The first mention of misconduct in the compliance committee minutes came in May 2022, although the committee met every two weeks. Hundreds of people commented on the Facebook post in 2020, where an eXp agent accused another employee of assaulting her. Seven other women commented they had been drugged and raped at eXp events.
“It is hard to believe that no one thought to tell any of the eXp Board members about the accusations in the post, Bjorkman’s arrest, or the reasons for Bjorkman’s termination,” the judge wrote.
The directors argued they didn’t know about the allegations before mid-2022 but one director, identified as “The Whistleblower,” wrote a memo to the board in April of that year urging them to launch an independent investigation.
“The likelihood that these incidents will be reported to the media or as a legal challenge increases daily,” the director wrote. “It may not be tomorrow, next year, or in 5 years, however, it will become public at some point.”
The board refused. The Whistleblower isn’t identified, but she left the board after her nomination was withdrawn in June 2022, the same time Felicia Gentry left for that reason.
Four eXp agents sued the company in February 2023 and another group did the same in December, a day before the New York Times published an expose on the scandal.
Sexual misconduct and litigation of this scale is “corporate trauma” enough to hold directors liable for violating their fiduciary duty, the judge ruled.

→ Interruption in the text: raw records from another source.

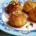 A close-up of four small, round pastries made from thin, golden-brown, crispy strands layered and twisted to form a nest-like structure, placed on a white plate with a bright blue, floral, and patterned rim. The pastry in the front center is topped with a glossy, amber syrup and sprinkled with finely chopped green pistachios and bits of red nuts, giving it a textured and colorful top layer. The other three pastries have a smooth, shiny golden surface with slightly darker brown toasted edges. The plate rests on a white marbled surface. photo taken with an iphone --ar 4:5 --v 7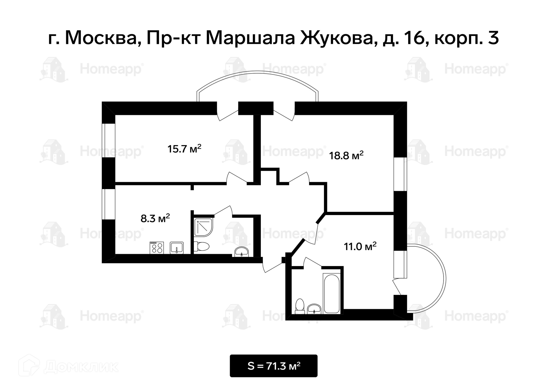 3-комнатная квартира, 71.3 м2, этаж 6 / 7, на продажу в Москве, проспект Маршала Жукова, 16к3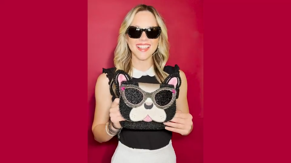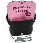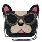 This adorable French bulldog is just too cool in her beaded sunglasses! A surprise awaits you as you open it and find "Frenchie Kisses" is embroidered under the flap. Dimensions: 8.5 x 1 x 7.5", Strap Length: 49", Strap Drop: 25.75", Features: Removable crossbody chain strap, magnet closure, inside pocket, back pocket, fits a cell phone, "Frenchie Kisses" embroidered under flap.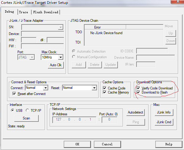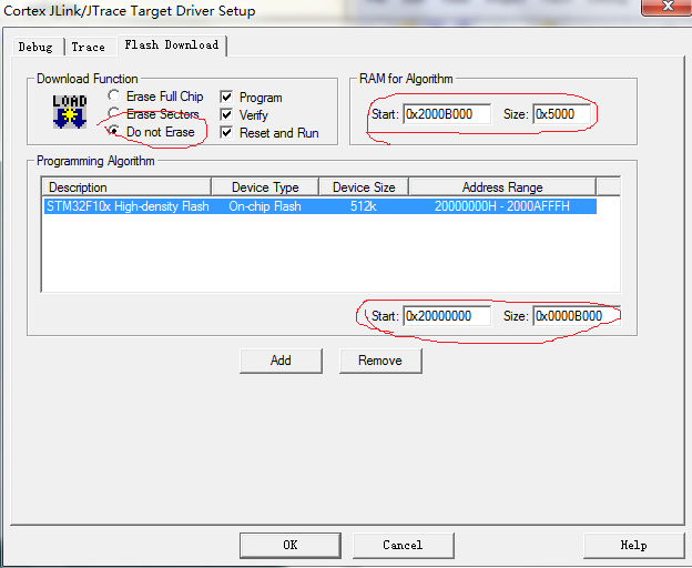 点击Setting可以看到Flash Download请看图:有三处红色区域要进行更改

Plaintiffs also sued a “control group” led by Sanford that owned 50% of the stock with a legal agreement to vote together. The judge said Delaware law hasn’t extended fiduciary liability to such a group yet and she wasn’t going to break new ground.
She did allow claims to proceed against Sanford and directors Monica Weakley and Randall Miles, saying it would be futile for plaintiffs to first demand the board sue the directors itself. Lead plaintiff Los Angeles City Employees Retirement System is represented by Bernstein Litowitz.